* Description of the task *
Extract the whole listing as it stands. Do not include the pictures.

# # # # # # #

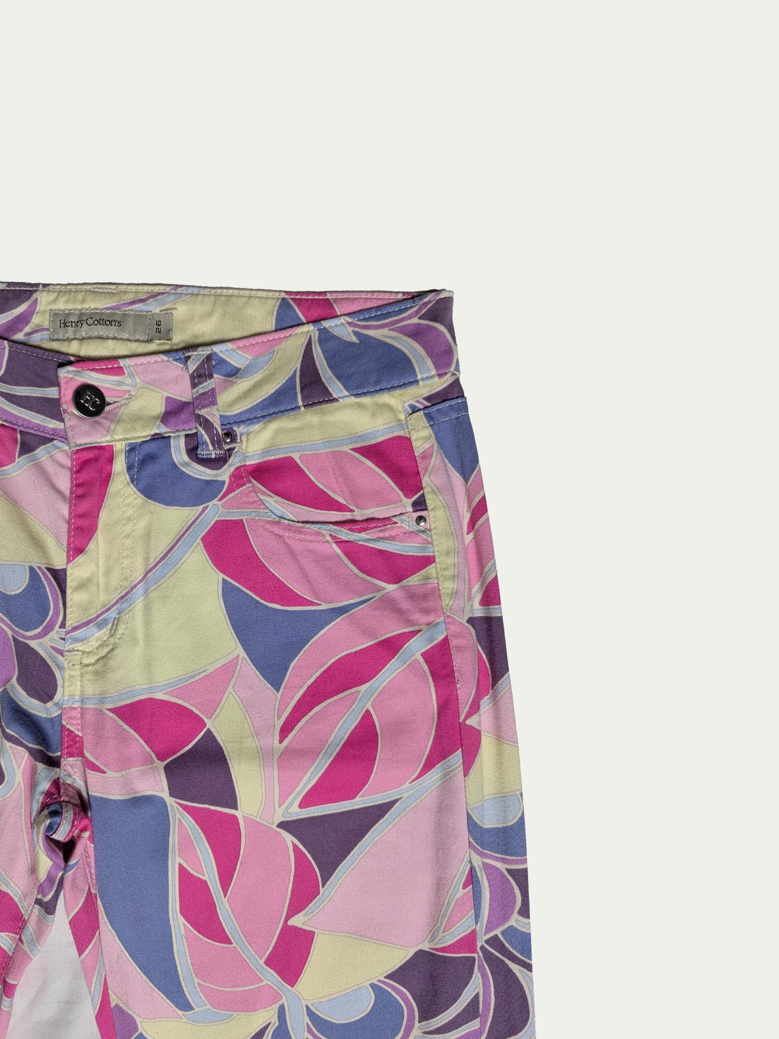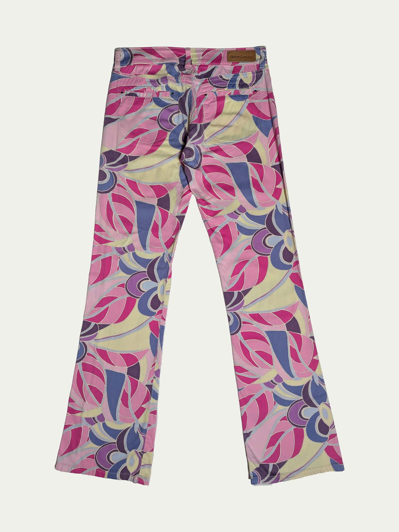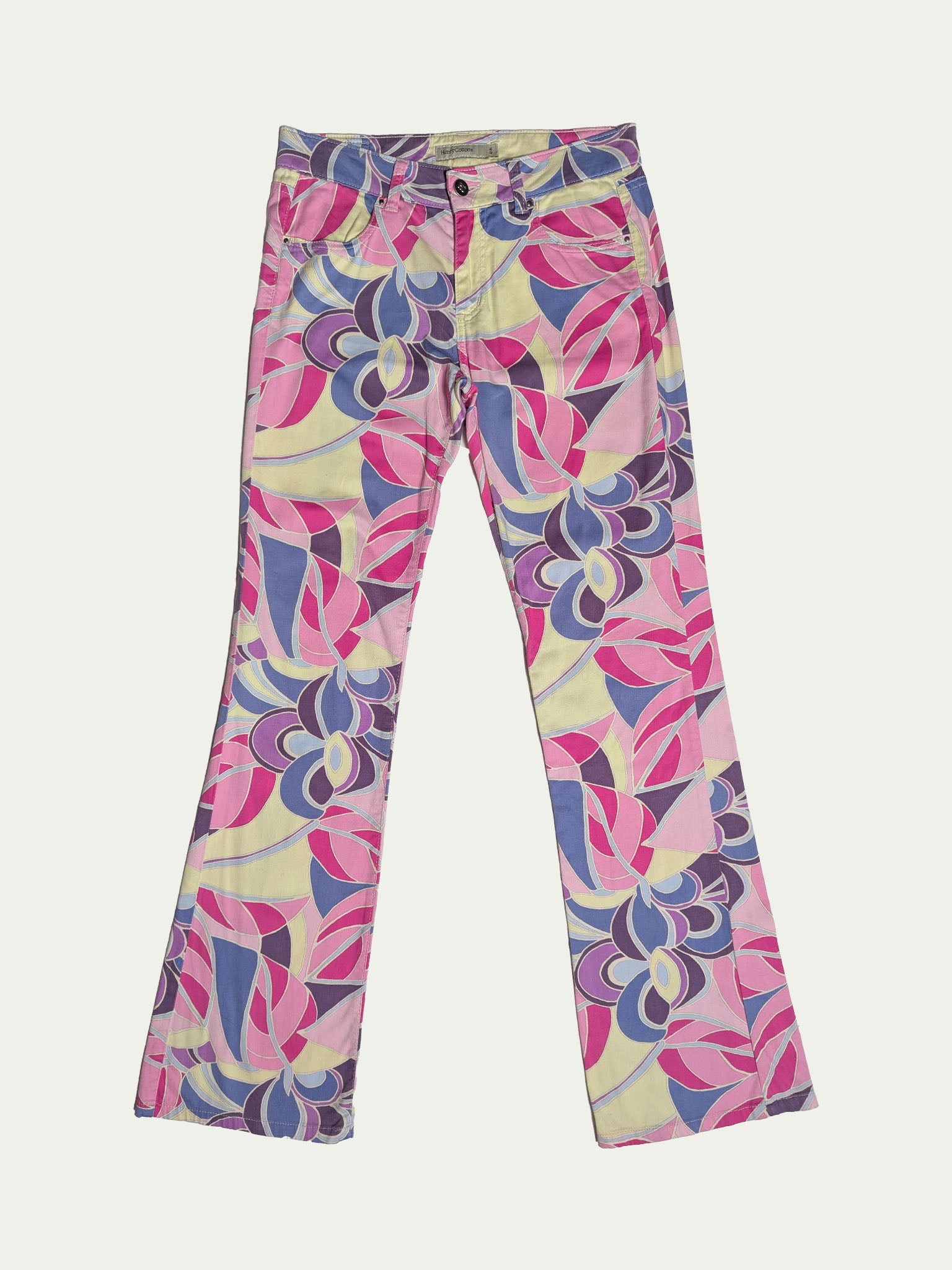 מכנסי Y2K מתרחבים של Henry Cottons, בגזרה בינונית, עם הדפס בסגנון פוצ'י, בגווני פסטל.
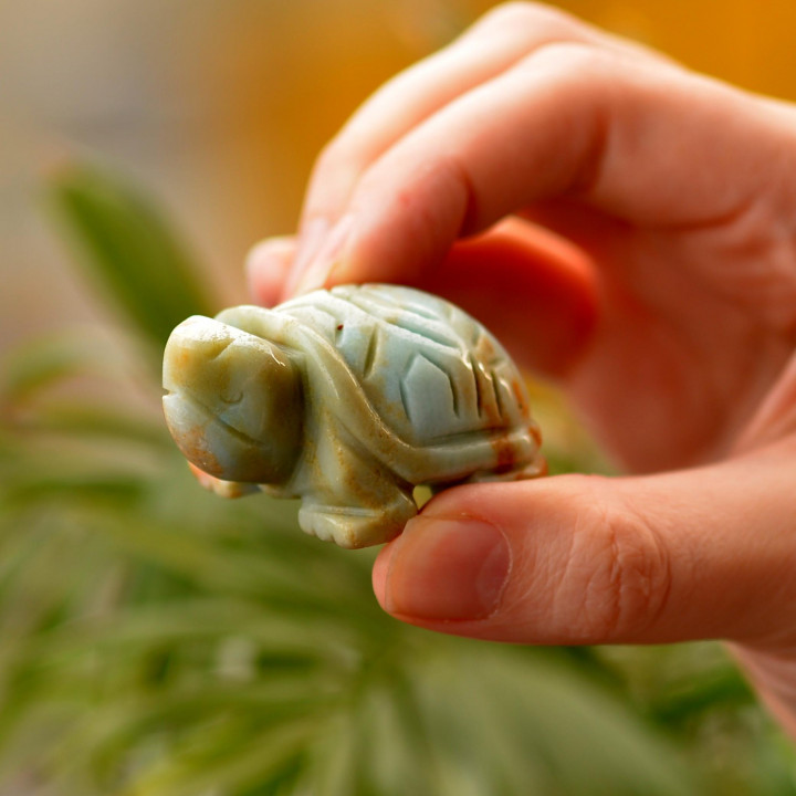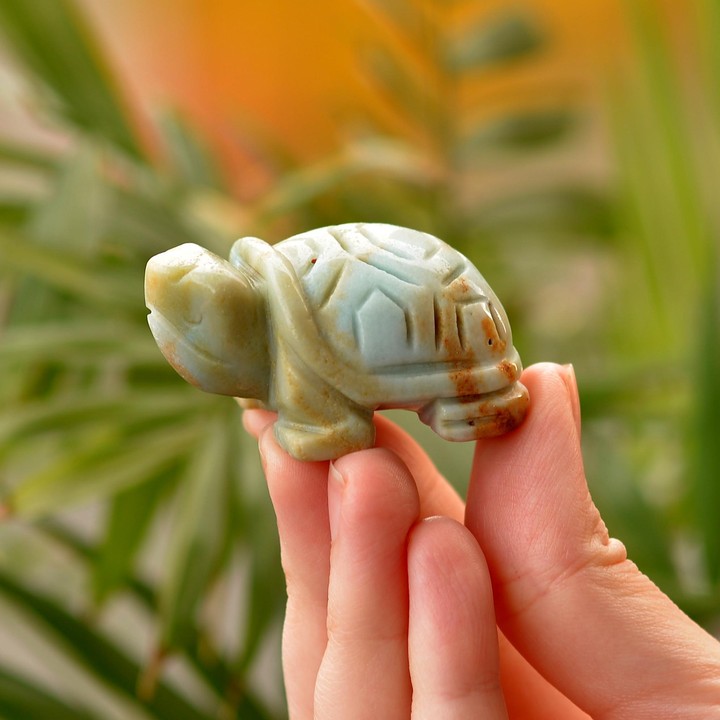 Amazonit Taşı Kaplumbağa Figürü
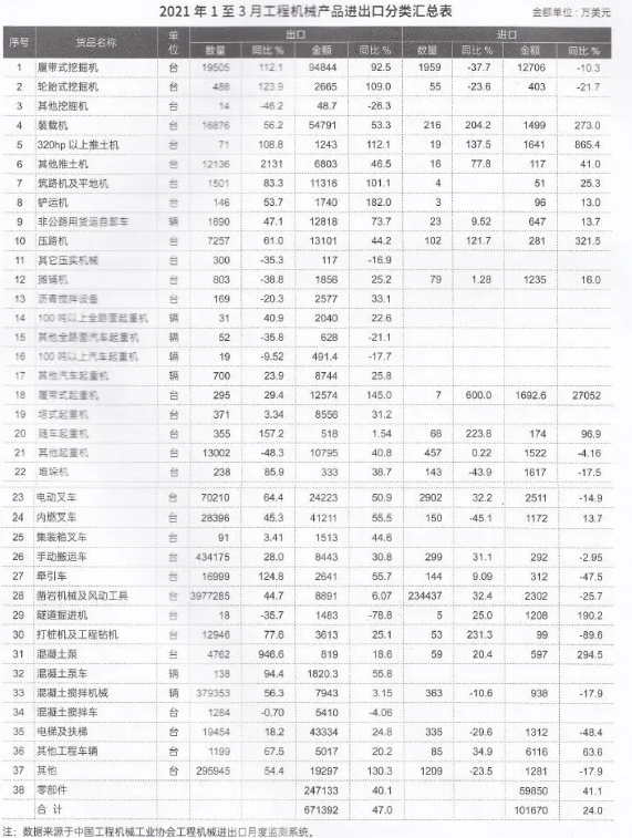 出口方面,累计出口整机42.43亿美元,同比增长51.3%,占出口总额的63.2%;零部件出口24.71亿美元,同比增长40.1%,占出口总额的36.8%。1至3月出口额增加的主要整机有:履带挖掘机、叉车、装载机等。出口额减少的主要有:隧道掘进机等。
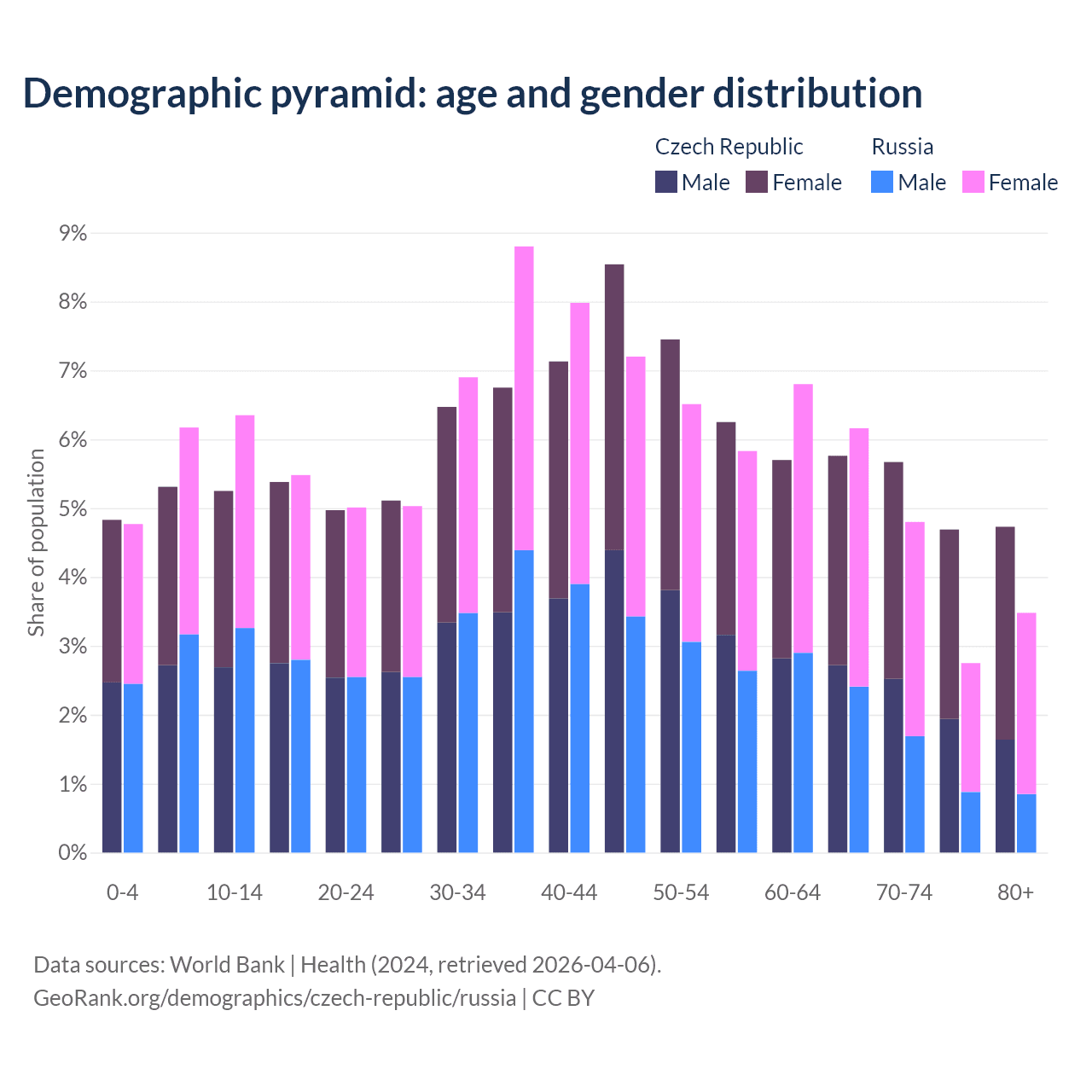 Demographics of the Czech Republic compared to Russia:
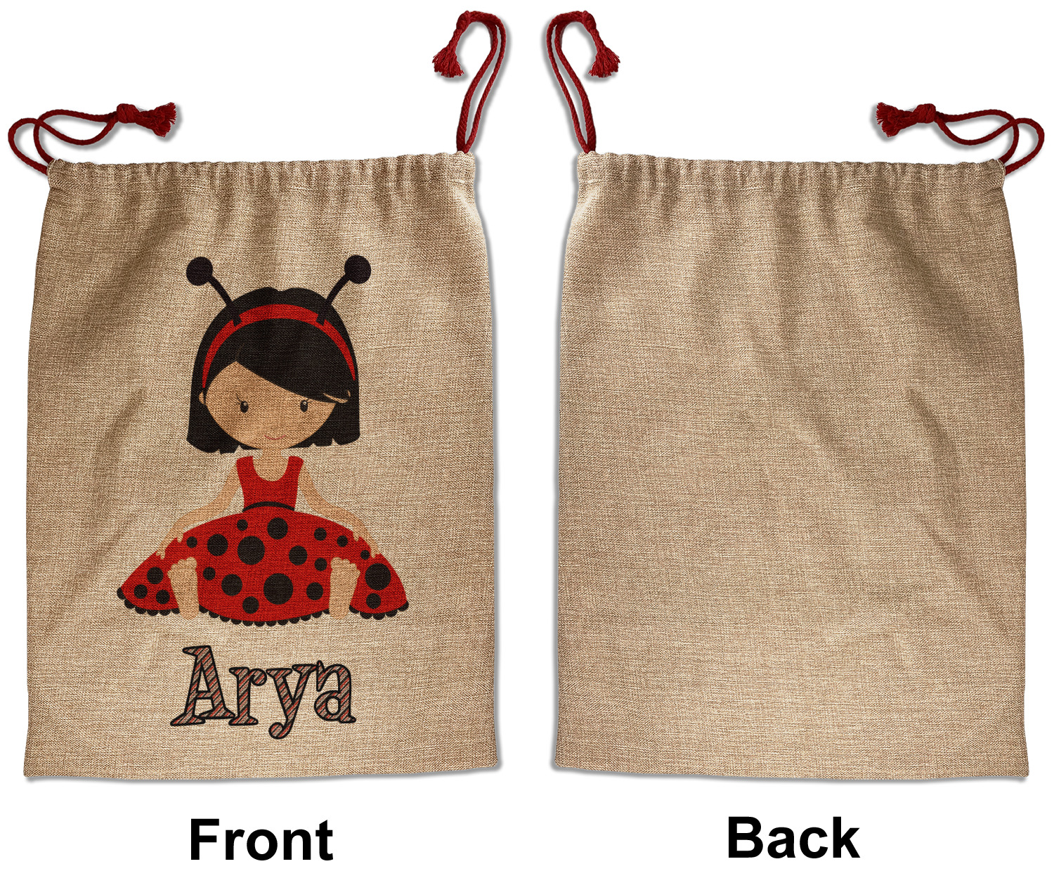 Our Santa sacks print your design on the burlap material giving it a nice rustic, natural design! The burlap material is also machine washable and wrinkle-free, so feel free to fold and store out Santa bags until the next time you need it! Secure your gifts with our red accent drawstring ties at the top of the sack so the mystery of your gift stays a surprise until Christmas day. We offer two types of printing- one side partial print or double-sided partial printing. Design and personalize your own Santa sack in time for the holidays!
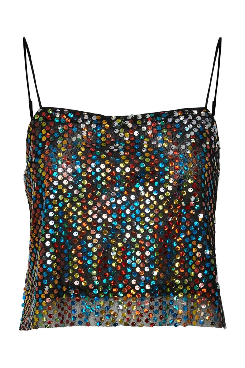 Y.A.S - Top - YAS Noelle Sequin Crop Strap Top Fest - Black/Sequin
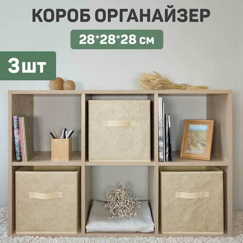 Коробки для хранения вещей, короб для хранения стеллажный, ящик, корзина, набор 3 шт, 28*28*28 см, MONET SUMMER

# # # # # # #

* Exercise output *
 מכנסי Y2K מתרחבים של Henry Cottons, בגזרה בינונית, עם הדפס בסגנון פוצ'י, בגווני פסטל.
 Amazonit Taşı Kaplumbağa Figürü
 出口方面,累计出口整机42.43亿美元,同比增长51.3%,占出口总额的63.2%;零部件出口24.71亿美元,同比增长40.1%,占出口总额的36.8%。1至3月出口额增加的主要整机有:履带挖掘机、叉车、装载机等。出口额减少的主要有:隧道掘进机等。
 Demographics of the Czech Republic compared to Russia:
 Our Santa sacks print your design on the burlap material giving it a nice rustic, natural design! The burlap material is also machine washable and wrinkle-free, so feel free to fold and store out Santa bags until the next time you need it! Secure your gifts with our red accent drawstring ties at the top of the sack so the mystery of your gift stays a surprise until Christmas day. We offer two types of printing- one side partial print or double-sided partial printing. Design and personalize your own Santa sack in time for the holidays!
 Y.A.S - Top - YAS Noelle Sequin Crop Strap Top Fest - Black/Sequin
 Коробки для хранения вещей, короб для хранения стеллажный, ящик, корзина, набор 3 шт, 28*28*28 см, MONET SUMMER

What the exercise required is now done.